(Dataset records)
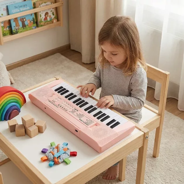 Rozvoj dovedností - Cvičení na klávesách pomáhá rozvíjet koordinaci rukou. Vaše dítě se při každé lekci naučí rytmus a základní hudební pojmy.
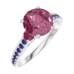 « L'ATELIER » NR. 167856Ring Weißgold 375/-(9Kt) - Rubin rund 1 Karat - Seitliche Steine Rubin - Fassung Blauer Saphir 4.9 (14)
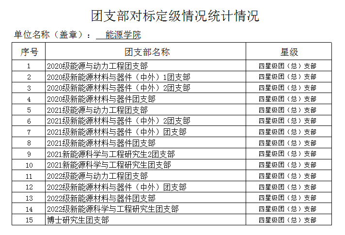 根据团中央《团(总)支部“对标定级”工作指引》文件精神和校团委关于对标定级工作的指示精神,经团支部自评、团委审核与复核,现将结果公示如下:
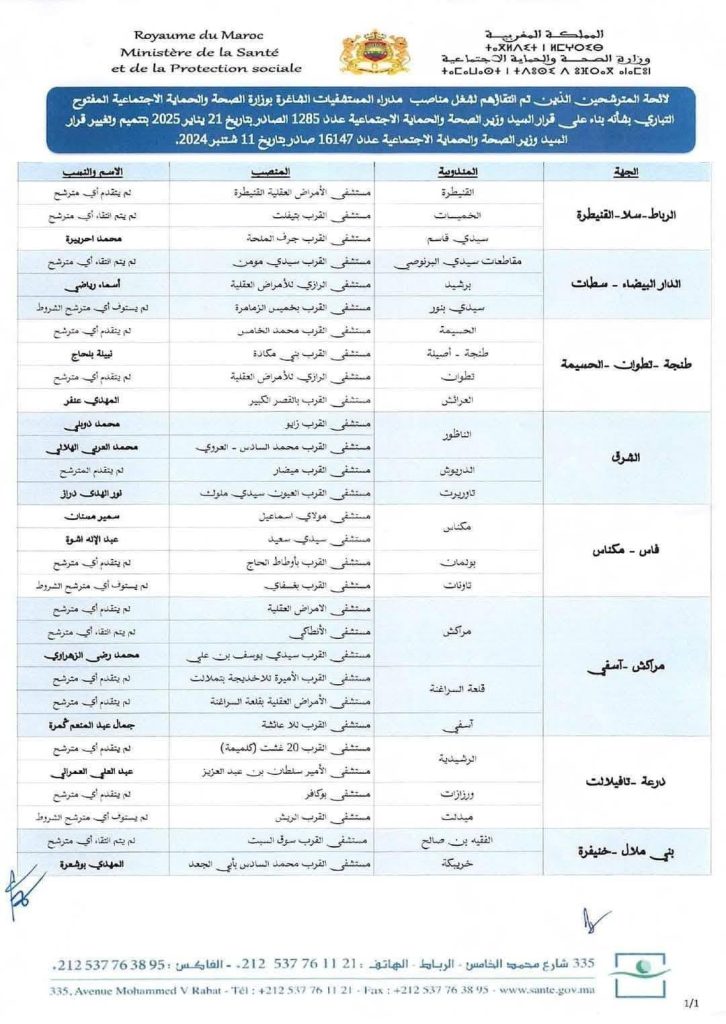 Par ailleurs, le ministère de la Santé a publié les résultats définitifs des entretiens de sélection pour pourvoir les postes de directeurs des hôpitaux régionaux et provinciaux. Cependant, ces résultats révèlent un désintérêt marqué des candidats pour ces fonctions, avec une participation très limitée, réduite à un nombre restreint de postulants.
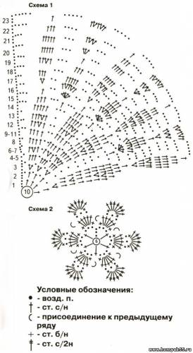 Наберите цепочку из 10 ВП (воздушных петель), замкните в кольцо. В центр кольца ввяжите 21 ССН (столбик с накидом). Далее вяжите по схеме 1. Затем вяжите СБН (столбики без накида), выполняя убавления (5 петель, 7 петель, 10 петель) по кругу до необходимого размера (обхвата головы). После этого провяжите 3 - 5 рядов без убавлений.
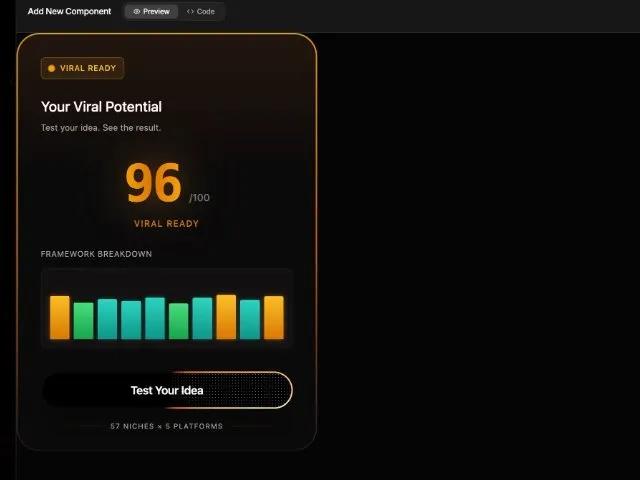 Карточка "Hero" с анимированным счетчиком виральности, визуализацией "эквалайзера" и кнопкой CTA. Для дашбордов и аналитики.

■ **WHAT YOU WILL DO**: Transcribe exactly the lines from the one with "Наберите цепочку из" to the last line of the records, both included, so that no picture appears in the copy.

■ **RESPONSE**:
 Наберите цепочку из 10 ВП (воздушных петель), замкните в кольцо. В центр кольца ввяжите 21 ССН (столбик с накидом). Далее вяжите по схеме 1. Затем вяжите СБН (столбики без накида), выполняя убавления (5 петель, 7 петель, 10 петель) по кругу до необходимого размера (обхвата головы). После этого провяжите 3 - 5 рядов без убавлений.
 Карточка "Hero" с анимированным счетчиком виральности, визуализацией "эквалайзера" и кнопкой CTA. Для дашбордов и аналитики.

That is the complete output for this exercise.